*** MATERIAL SUPPLIED

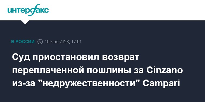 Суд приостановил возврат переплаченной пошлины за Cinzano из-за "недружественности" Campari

******
*** MATERIAL SUPPLIED

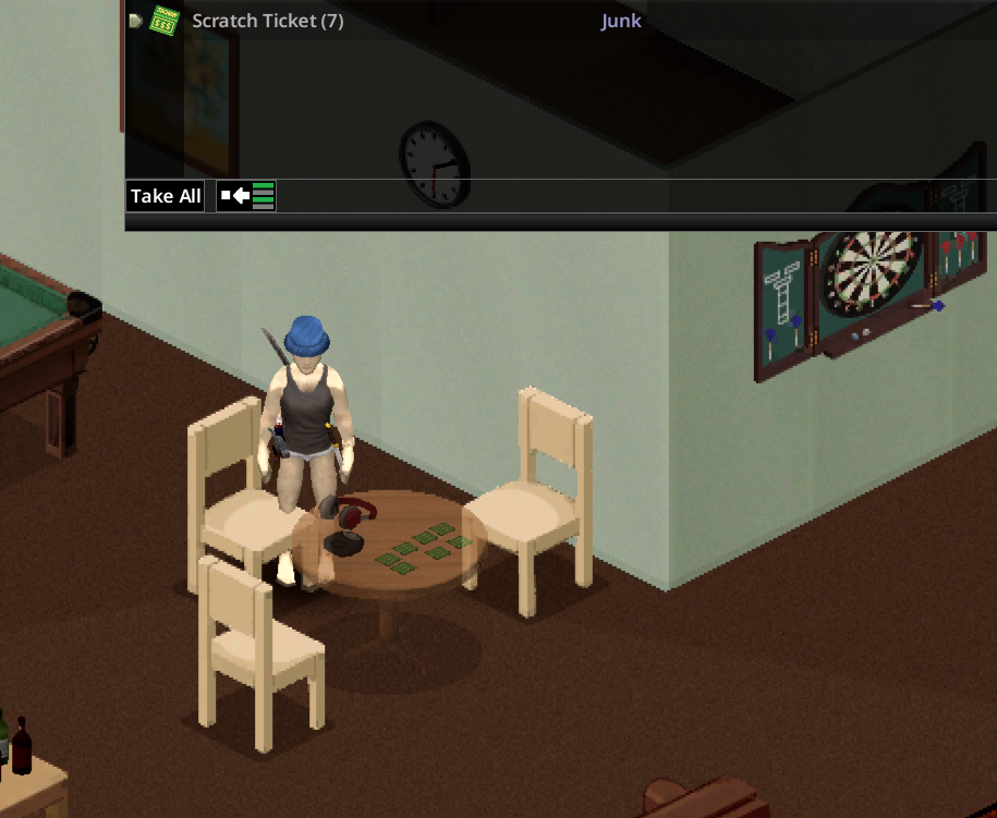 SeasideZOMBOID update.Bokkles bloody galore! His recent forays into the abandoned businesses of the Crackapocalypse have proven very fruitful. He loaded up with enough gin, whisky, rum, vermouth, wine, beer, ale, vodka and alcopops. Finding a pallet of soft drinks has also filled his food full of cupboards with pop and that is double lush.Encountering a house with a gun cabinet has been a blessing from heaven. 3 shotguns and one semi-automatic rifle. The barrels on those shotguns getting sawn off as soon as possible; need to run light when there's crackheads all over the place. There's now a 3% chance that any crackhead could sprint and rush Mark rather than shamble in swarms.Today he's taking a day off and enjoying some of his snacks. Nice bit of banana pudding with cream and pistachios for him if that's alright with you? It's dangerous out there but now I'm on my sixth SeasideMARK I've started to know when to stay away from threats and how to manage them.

******
*** MATERIAL SUPPLIED

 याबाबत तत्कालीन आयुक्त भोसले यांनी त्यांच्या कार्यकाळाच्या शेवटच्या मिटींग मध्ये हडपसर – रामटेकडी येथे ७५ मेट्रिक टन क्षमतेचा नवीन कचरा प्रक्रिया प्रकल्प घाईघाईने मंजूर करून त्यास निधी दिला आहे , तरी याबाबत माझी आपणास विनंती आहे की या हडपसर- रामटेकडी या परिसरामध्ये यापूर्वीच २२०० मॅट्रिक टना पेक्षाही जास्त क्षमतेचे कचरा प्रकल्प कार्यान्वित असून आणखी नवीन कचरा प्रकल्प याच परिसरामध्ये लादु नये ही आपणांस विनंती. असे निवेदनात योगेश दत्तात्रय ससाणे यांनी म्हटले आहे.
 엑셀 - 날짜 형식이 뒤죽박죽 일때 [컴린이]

******

Copy the stretch of the records above that runs from the line with "याबाबत तत्कालीन आयुक्त" through the line with "엑셀 - 날짜 형식이 뒤죽박죽 일때 [컴린이]". Both end lines belong in the copy, and nothing else does.

 याबाबत तत्कालीन आयुक्त भोसले यांनी त्यांच्या कार्यकाळाच्या शेवटच्या मिटींग मध्ये हडपसर – रामटेकडी येथे ७५ मेट्रिक टन क्षमतेचा नवीन कचरा प्रक्रिया प्रकल्प घाईघाईने मंजूर करून त्यास निधी दिला आहे , तरी याबाबत माझी आपणास विनंती आहे की या हडपसर- रामटेकडी या परिसरामध्ये यापूर्वीच २२०० मॅट्रिक टना पेक्षाही जास्त क्षमतेचे कचरा प्रकल्प कार्यान्वित असून आणखी नवीन कचरा प्रकल्प याच परिसरामध्ये लादु नये ही आपणांस विनंती. असे निवेदनात योगेश दत्तात्रय ससाणे यांनी म्हटले आहे.
 엑셀 - 날짜 형식이 뒤죽박죽 일때 [컴린이]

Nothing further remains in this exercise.